3. Ciężkie zapalenie płuc Ciężkie zakażenia płuc, w tym bakteryjne zapalenie płuc, wirusowe zapalenie płuc, gruźlica prosówkowa itp. Mogą powodować ARDS, jednak niektórzy pacjenci z ciężkim zapaleniem płuc (szczególnie takim jak Legionella zapalenie płuc) mają trudności z oddychaniem, hipoksemią i innymi podobnymi objawami klinicznymi ARDS Wydajność, ale nie występowała ARDS, większość z nich ma duże cienie zapalne w miąższu płucnym, objawy infekcji (gorączka, zwiększenie liczby białych krwinek, przesunięcie jądra w lewo), a stosowanie wrażliwych leków przeciwbakteryjnych można wyleczyć.

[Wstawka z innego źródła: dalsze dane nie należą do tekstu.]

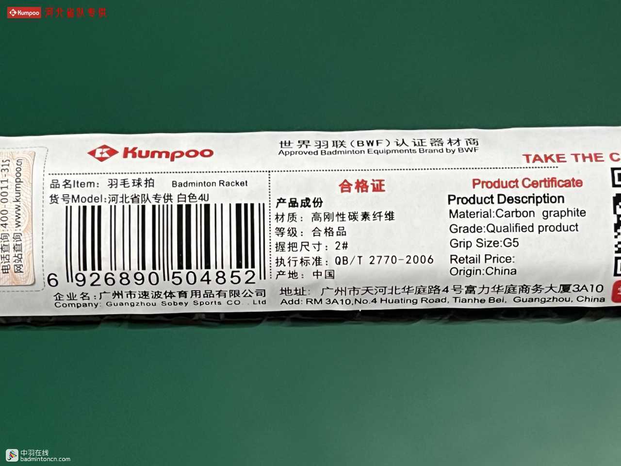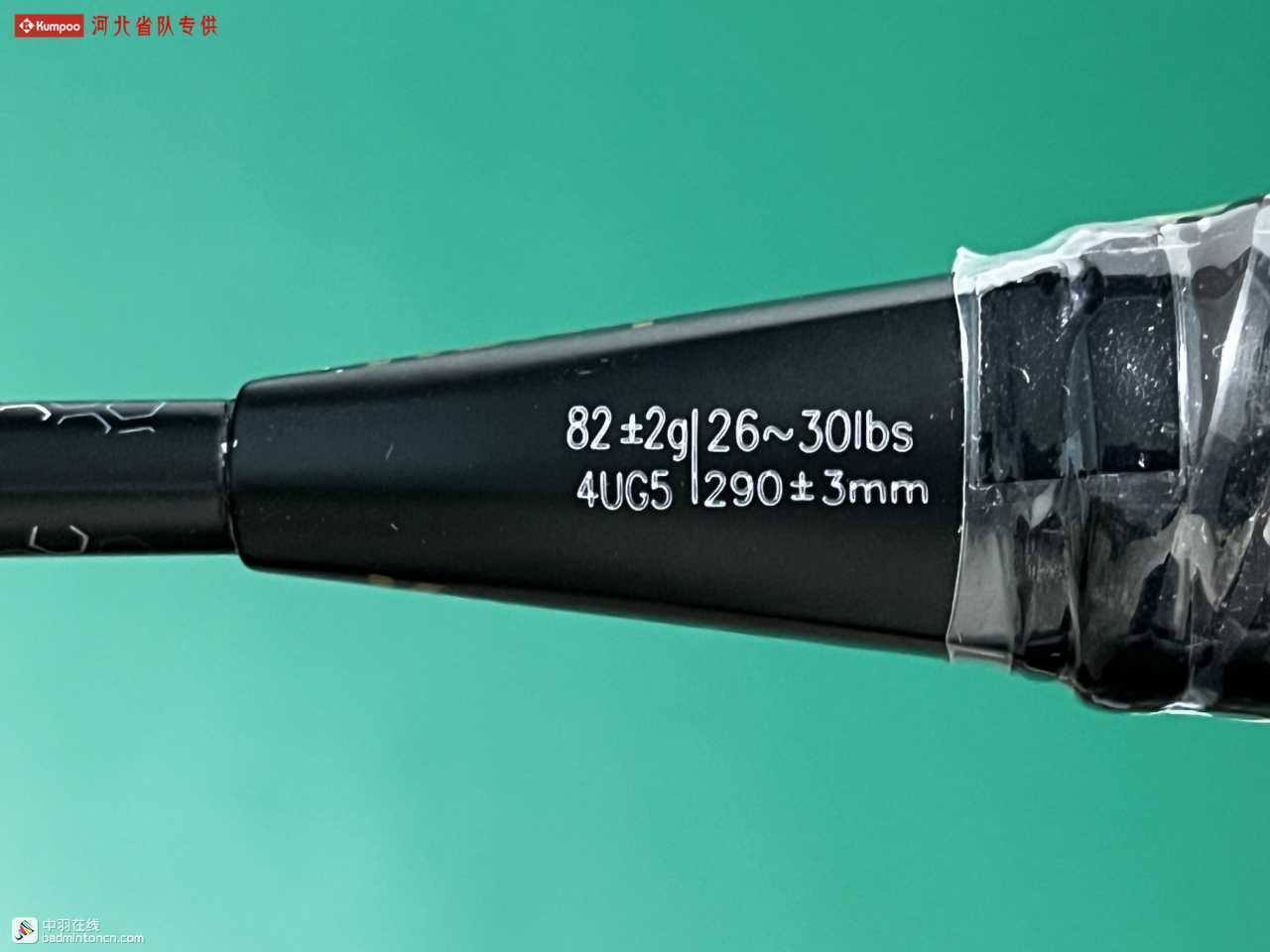 笔者入手的这支河北省队专供为4U/G5的规格,锥盖上所标注的重量在82±2g的范围内,平衡点参考值为290±3mm,建议穿线磅数为26~30磅。

4. Idiopatyczne zwłóknienie płuc u niektórych pacjentów z idiopatycznym zwłóknieniem płuc jest rozwojem podostrym, z niewydolnością oddechową typu II, szczególnie w przypadku zwiększonego zakażenia płuc, można pomylić z ARDS, osłuchiwanie tej choroby w klatce piersiowej Głos na rzep, badanie rentgenowskie klatki piersiowej jest siatkowe, cień guzkowy lub towarzyszą mu zmiany komórkowe, przebieg rozwoju choroby jest relatywnie wolniejszy niż ARDS, funkcja płuc jest ograniczona. Można zidentyfikować zaburzenie oddychania.
Materiały na tej stronie mają na celu ogólne wykorzystanie informacyjne i nie stanowią porady medycznej, prawdopodobnej diagnozy ani zalecanych metod leczenia.